Jack Hillen and Steve Oleksy are frontrunners for defensive spots on the Caps opening night roster. (Photo credit: Greg Fiume/Getty Images)
With days to go before the start of the regular season, a few questions regarding the Washington Capitals’ opening day roster remain unanswered. First among them is this: who will be the Caps bottom-pairing D-men?
With four defensemen (John Carlson, Karl Alzner, Mike Green, and John Erskine) pretty much guaranteed spots on the blueline for the opener in Chicago, two or three positions are up for grabs (I’ll assume Caps will roll with seven rearguards, which is likely considering the look Tom Wilson may get early in the season).
George McPhee has mentioned that he expects to begin a year with a full 23-man roster, also acknowledging he’d likely have to make a move in order to fit Tom Wilson under the cap.
The Caps already have made some decisions regarding their opening-day roster. Nate Schmidt, Cameron Schilling, and Patrick Wey were all assigned to Hershey– a surprise to no one. First year pros Schmidt and Wey need to polish their game, while another former college standout, Cam Schilling, has always been a longshot to make the big club even despite his professional experience.

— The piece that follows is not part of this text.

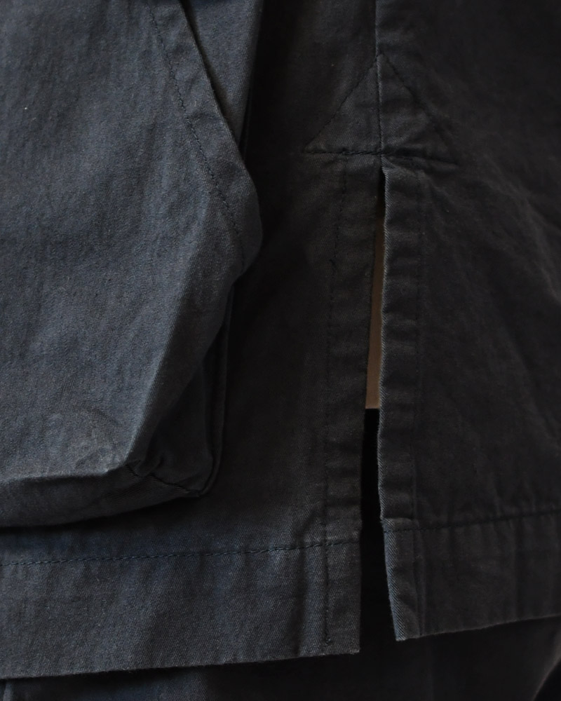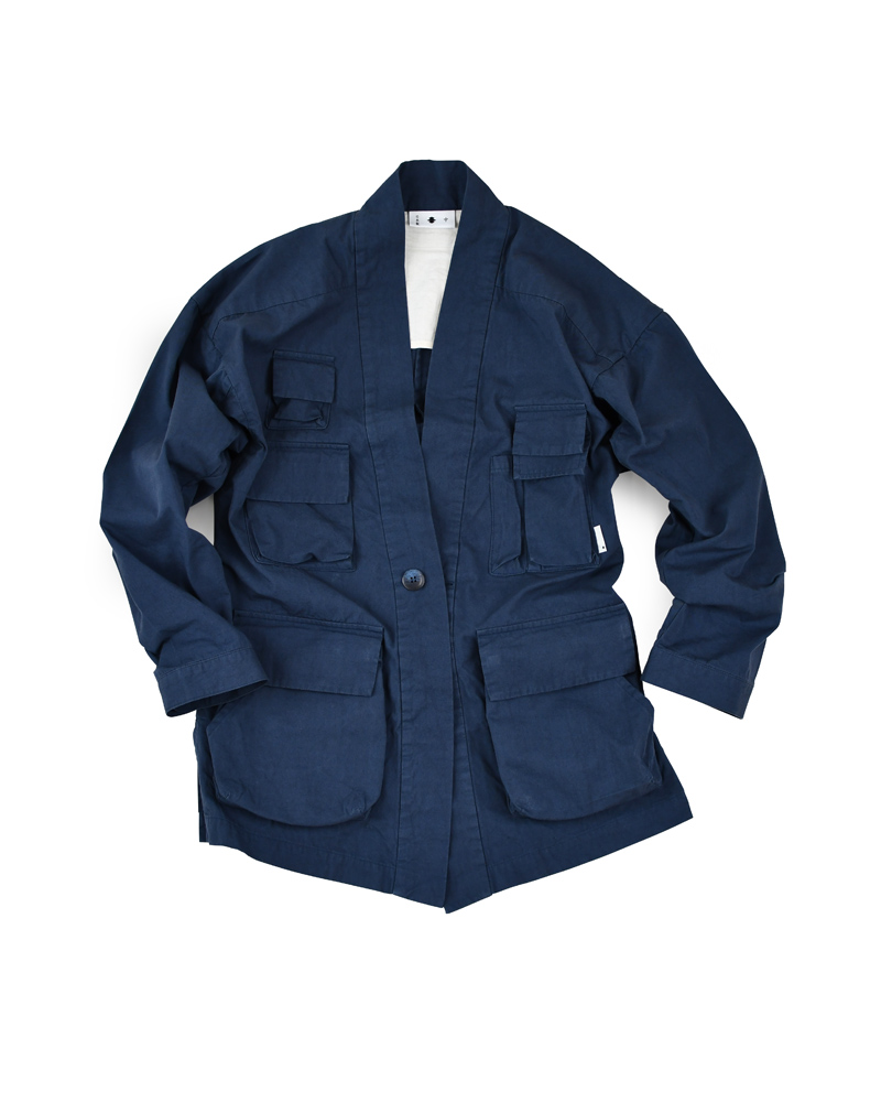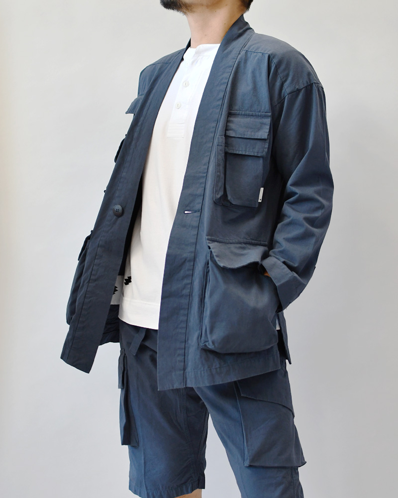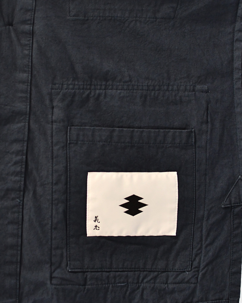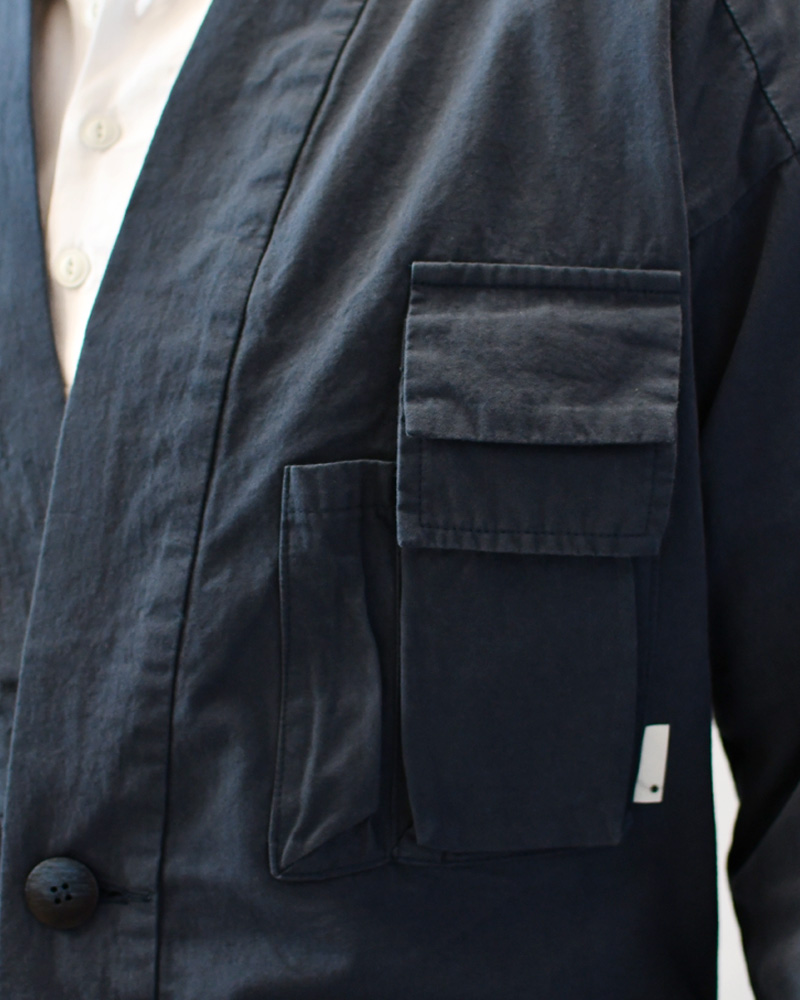 This Yamato haori jacket features a high storage capacity with a total of 11 functional pockets on both the outer and inner front panels. Inspired by work jackets and fishing vests, its design is tailored for everyday use in the city. It’s designed to hold all the small items you carry in daily life, such as a mobile phone, glasses, keys, pens, hand towels, masks, cigarettes, and lighters.This particular color is made from a blend of cotton and linen (flax), which is different from the “Navy” and “Matsu-ba” options.

The biggest decision so far came Wednesday: the Caps waived Czech blueliner Tomas Kundratek. The 23-year-old, who got on a scoring roll in Hershey during the lockout, spent more than a half of the shortened season with the Caps. Placing him on waivers came as a bit of a surprise for me taking his low cap hit of $550,000 into consideration.
Steve Oleksy and Jack Hillen are frontrunners for two of three free roster spots with the Caps. Both were quite impressive for the Caps down the stretch last year and given Adam Oates’ loyalty towards players who have already proven themselves, I would expect both of them to make it. Their low cap numbers ($700,000 for Hillen and $541,667 for Oleksy) also help their cause.
Dmitry Orlov hasn’t had a very convincing camp in my opinion, but Adam Oates may have seen something I haven’t, and waiving Kundratek has greatly improved Dima’s chances to start the year with the Caps. Orlov, who is finally healthy after an injury-plagued year, carries a larger cap hit ($900,000) and is waiver-exempt, so if he starts a year in the big league, it will be a huge vote of confidence by the coaching stuff. But it seems unlikely that he’ll be kept up in Washington unless he’s above Hillen or Erskine in Oates’ chart. Caps would probably want a youngster to play instead of sitting in the pressbox as a seventh defenseman.
Unlike Orlov, Tyson Strachan is a perfect #7. Strachan played, quite memorably, in 38 games with Florida last year. He’s a guy Capitals management would be comfortable with sitting in the press box much of the time, and he should be able to hold his own if given an opportunity to play. Strachan carries a team-friendly $550,000 cap hit and plays a reliable defensive game.
Connor Carrick may have surprised everyone with his tremendous preseason performance, but he is the underdog. I would expect the 19-year-old to start the season with the Bears, but he may be one of the Caps recall options as a right defenseman. Carrick’s cap hit is $636,667, which seems manageable.
Michal Cajkovsky is still in camp, though it’s tough to imagine him in the starting lineup. He’s quietly had a good camp, establishing a physical presence in every game and showing some offensive touch. He doesn’t have a contract with Washington (just like forward Dane Byers, who has been considered as well). Cajkovsky may still make a name for himself, but he is a work in progress.
Wild card: Could the Caps sign a veteran blueliner to fill in? Available players include Ian White, Greg Zanon, Carlo Colaiacovo, Ryan Whitney, Wade Redden, and two familiar names: Tom Poti and Steve Eminger.
My picks are Hillen, Oleksy and Strachan. Who have you got?